CEPENDANT, LORSQUE des masses de Juifs orientaux arrivèrent en Israël, mes espoirs s’effondrèrent. Au lieu de devenir un pont entre Israël et le monde arabe, ils devinrent les plus ardents arabophobes. Les siècles de culture judéo-musulmane furent effacés comme s’ils n’avaient jamais existé.

Pourquoi ? Étant méprisés par les ashkénazes ‟supérieurs”, les mizrahim se mirent à mépriser leur propre culture. Ils s’efforcèrent de devenir des Européens, plus anti-arabes, plus super-patriotes, plus à droite.

(Bien qu’un ami mizrahi m’ait dit un jour : nous ne voulons pas être un pont. Un pont c’est quelque chose que les gens piétinent.)
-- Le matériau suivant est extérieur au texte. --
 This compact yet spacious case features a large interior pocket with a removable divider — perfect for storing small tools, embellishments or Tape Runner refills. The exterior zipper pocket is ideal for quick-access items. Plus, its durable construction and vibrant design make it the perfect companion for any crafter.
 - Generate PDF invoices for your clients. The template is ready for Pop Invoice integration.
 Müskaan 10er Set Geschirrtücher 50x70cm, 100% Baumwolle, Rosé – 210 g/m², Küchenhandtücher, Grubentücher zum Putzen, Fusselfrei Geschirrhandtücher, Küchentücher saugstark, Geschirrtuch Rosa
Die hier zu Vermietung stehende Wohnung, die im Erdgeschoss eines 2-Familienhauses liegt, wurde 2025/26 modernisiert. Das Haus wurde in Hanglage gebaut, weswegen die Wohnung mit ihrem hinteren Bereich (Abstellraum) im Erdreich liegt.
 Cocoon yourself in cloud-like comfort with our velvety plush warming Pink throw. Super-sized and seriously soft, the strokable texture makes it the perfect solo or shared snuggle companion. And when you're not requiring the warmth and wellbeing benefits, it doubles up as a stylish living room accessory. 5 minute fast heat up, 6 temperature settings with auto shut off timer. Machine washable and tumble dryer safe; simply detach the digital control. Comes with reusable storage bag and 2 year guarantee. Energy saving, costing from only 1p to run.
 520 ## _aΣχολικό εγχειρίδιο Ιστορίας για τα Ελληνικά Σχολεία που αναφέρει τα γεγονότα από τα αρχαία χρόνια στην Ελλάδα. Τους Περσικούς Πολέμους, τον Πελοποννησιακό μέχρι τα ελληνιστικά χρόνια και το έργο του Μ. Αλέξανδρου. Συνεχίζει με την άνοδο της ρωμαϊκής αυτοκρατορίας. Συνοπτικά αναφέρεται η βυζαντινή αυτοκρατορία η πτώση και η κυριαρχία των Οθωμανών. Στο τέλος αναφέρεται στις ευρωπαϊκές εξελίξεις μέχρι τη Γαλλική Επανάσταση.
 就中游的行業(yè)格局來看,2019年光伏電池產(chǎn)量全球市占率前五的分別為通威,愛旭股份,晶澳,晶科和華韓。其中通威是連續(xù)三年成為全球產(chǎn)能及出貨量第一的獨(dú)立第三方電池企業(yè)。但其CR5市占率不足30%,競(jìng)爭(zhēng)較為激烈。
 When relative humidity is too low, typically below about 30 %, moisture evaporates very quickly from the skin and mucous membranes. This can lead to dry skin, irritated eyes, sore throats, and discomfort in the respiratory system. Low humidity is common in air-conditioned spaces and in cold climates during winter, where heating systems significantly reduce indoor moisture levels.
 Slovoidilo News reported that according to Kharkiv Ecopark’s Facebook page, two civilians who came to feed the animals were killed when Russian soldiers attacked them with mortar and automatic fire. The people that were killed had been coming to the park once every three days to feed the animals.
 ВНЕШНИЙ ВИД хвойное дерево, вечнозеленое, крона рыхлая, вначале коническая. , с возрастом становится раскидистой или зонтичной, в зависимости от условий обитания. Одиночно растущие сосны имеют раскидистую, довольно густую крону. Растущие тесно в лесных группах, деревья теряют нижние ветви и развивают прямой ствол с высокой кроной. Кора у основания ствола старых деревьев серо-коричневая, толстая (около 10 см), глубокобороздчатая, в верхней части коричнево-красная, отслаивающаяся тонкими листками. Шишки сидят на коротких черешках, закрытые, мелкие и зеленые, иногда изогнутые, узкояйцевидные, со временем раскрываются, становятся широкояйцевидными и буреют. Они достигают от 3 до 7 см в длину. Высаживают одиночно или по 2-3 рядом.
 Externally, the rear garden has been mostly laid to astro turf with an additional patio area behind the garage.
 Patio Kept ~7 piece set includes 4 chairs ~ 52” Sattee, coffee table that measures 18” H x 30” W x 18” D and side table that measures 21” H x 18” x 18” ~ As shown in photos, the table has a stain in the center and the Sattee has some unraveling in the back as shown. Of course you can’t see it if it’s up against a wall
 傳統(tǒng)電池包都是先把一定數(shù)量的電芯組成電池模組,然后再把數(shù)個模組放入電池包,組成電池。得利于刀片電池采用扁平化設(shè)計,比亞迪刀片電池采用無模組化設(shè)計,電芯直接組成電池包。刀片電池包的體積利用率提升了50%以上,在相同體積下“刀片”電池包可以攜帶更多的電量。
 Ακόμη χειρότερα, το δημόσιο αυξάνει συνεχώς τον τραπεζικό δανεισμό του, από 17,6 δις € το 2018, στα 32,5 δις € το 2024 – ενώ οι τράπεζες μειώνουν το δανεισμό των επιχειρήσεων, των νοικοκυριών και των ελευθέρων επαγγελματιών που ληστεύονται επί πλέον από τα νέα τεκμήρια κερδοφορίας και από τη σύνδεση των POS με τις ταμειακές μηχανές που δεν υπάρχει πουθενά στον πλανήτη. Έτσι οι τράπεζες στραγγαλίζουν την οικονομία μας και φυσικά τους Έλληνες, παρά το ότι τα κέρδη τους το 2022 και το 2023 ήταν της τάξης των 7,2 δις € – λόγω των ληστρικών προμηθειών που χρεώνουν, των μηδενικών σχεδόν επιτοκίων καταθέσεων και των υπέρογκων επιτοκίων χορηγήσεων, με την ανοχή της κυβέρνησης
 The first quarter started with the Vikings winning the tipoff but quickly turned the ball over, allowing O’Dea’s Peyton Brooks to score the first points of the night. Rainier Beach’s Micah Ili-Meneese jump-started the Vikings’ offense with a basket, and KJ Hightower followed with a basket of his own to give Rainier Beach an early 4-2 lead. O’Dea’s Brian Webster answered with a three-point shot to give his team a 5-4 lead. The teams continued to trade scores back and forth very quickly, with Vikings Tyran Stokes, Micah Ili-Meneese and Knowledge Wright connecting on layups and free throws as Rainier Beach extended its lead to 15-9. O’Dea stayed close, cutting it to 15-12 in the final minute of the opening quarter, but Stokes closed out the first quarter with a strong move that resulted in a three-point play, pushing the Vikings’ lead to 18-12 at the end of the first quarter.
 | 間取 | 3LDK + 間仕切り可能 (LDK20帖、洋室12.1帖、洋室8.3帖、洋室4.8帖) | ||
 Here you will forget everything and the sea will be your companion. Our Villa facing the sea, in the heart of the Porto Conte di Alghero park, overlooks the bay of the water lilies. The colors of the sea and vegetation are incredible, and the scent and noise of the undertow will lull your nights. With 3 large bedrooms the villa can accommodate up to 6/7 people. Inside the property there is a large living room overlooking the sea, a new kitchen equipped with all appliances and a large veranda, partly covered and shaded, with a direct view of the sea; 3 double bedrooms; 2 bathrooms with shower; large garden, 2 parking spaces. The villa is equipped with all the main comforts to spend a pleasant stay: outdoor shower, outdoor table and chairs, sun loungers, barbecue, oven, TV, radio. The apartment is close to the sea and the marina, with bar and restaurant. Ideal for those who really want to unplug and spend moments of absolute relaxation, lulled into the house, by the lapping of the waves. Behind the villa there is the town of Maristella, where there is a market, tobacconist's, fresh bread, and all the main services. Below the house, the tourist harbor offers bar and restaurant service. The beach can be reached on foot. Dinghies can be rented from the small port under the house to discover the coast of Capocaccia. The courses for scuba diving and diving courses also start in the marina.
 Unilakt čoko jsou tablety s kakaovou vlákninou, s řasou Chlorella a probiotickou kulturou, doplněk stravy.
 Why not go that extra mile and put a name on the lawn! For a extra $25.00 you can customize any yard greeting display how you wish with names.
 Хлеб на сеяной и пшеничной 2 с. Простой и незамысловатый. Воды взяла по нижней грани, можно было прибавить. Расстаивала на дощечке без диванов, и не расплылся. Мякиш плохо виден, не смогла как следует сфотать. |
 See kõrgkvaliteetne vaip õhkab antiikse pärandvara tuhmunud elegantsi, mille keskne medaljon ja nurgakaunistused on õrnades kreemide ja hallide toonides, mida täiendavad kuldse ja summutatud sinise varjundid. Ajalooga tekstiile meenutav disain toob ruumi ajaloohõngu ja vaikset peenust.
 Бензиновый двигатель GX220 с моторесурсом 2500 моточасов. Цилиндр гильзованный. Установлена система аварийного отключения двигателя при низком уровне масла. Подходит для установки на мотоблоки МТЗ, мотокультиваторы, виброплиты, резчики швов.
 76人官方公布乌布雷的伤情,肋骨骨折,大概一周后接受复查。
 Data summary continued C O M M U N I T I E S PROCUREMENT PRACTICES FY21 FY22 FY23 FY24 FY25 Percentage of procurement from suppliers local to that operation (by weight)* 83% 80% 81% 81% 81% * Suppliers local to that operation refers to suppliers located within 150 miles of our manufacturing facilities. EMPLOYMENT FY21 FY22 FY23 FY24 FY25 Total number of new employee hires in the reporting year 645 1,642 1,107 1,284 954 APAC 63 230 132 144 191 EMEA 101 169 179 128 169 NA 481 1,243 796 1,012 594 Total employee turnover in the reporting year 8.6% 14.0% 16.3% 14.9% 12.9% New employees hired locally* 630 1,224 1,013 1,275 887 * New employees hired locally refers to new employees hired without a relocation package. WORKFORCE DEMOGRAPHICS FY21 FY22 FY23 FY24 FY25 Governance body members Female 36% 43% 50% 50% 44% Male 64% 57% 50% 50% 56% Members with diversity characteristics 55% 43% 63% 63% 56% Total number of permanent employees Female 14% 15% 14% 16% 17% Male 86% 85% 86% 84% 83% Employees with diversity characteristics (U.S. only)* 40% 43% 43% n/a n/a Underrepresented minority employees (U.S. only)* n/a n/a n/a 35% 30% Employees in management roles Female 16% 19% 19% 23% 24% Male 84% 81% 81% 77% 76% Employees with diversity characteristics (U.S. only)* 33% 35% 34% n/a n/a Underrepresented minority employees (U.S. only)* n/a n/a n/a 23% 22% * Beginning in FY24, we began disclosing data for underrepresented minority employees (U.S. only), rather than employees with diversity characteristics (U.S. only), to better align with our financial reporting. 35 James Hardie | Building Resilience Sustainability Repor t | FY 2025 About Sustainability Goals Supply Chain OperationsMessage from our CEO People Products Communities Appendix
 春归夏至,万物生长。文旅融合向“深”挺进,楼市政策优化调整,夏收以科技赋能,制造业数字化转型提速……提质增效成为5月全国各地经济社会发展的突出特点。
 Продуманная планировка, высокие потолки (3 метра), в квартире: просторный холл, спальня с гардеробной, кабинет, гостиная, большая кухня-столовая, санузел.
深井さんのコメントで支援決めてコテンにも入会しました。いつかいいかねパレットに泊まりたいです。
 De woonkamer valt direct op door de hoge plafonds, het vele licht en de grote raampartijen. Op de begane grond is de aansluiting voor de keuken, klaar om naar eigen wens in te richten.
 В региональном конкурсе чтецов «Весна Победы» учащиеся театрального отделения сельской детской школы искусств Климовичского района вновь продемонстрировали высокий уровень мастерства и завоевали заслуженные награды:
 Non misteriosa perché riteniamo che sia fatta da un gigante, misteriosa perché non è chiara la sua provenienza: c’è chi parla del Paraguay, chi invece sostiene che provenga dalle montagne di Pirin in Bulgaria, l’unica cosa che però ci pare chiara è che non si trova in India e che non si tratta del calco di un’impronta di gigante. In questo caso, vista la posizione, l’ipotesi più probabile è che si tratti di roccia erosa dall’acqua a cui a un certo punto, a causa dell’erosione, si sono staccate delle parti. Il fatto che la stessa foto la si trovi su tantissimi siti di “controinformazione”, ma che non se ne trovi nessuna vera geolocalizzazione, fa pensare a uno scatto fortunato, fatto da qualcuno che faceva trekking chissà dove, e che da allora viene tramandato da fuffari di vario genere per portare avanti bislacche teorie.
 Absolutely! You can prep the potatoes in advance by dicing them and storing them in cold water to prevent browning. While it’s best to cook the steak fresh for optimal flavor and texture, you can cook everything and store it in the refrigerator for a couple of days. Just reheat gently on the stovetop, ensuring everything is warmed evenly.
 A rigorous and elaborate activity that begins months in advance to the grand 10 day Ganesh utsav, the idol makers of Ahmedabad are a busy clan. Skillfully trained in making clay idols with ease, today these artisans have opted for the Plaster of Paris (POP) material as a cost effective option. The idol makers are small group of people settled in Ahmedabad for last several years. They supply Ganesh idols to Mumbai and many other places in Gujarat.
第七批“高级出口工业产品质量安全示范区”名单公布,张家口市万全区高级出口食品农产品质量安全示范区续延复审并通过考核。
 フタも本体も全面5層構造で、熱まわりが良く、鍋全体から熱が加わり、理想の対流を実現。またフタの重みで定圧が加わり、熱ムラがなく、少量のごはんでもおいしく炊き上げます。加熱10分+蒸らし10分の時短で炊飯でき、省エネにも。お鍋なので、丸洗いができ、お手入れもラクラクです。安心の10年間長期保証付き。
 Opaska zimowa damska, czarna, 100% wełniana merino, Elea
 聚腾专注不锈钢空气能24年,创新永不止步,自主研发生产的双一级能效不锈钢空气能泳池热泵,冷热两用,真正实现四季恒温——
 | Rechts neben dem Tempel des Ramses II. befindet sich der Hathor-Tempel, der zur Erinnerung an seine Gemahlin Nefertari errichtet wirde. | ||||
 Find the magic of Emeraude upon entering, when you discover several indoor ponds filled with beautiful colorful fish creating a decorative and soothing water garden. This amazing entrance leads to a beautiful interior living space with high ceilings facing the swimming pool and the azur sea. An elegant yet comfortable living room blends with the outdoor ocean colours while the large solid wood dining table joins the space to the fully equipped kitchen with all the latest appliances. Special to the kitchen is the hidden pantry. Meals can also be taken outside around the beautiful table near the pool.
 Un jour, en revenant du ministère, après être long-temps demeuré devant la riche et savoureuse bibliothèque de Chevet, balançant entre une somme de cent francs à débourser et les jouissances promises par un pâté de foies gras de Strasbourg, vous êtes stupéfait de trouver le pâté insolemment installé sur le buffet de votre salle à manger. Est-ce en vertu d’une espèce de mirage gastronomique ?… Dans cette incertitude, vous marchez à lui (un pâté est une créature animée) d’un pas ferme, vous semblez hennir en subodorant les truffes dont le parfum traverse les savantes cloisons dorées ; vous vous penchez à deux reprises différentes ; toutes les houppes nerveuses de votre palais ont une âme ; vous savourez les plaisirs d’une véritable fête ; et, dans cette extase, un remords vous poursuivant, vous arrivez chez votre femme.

Pourtant personne ne peut échapper à ce qu’il est. La plupart des mizrahim d’Israël parlent avec un accent arabe. Ils aiment la musique arabe (présentée comme musique ‟méditerranéenne”), et n’aiment guère Mozart ou Beethoven. Leurs traits sont différents de ceux des Européens. Raisons de plus pour haïr les Arabes.

L’effacement de la culture judéo-orientale est général. Les enfants israéliens d’origine orientale n’ont aucune idée des grands écrivains et philosophes de leur tradition. Ils ne savent pas que les Croisés chrétiens qui avaient conquis la Terre Sainte massacraient musulmans et juifs sans distinction, et que les juifs et leurs voisins musulmans défendaient ensemble Jérusalem et Haïfa.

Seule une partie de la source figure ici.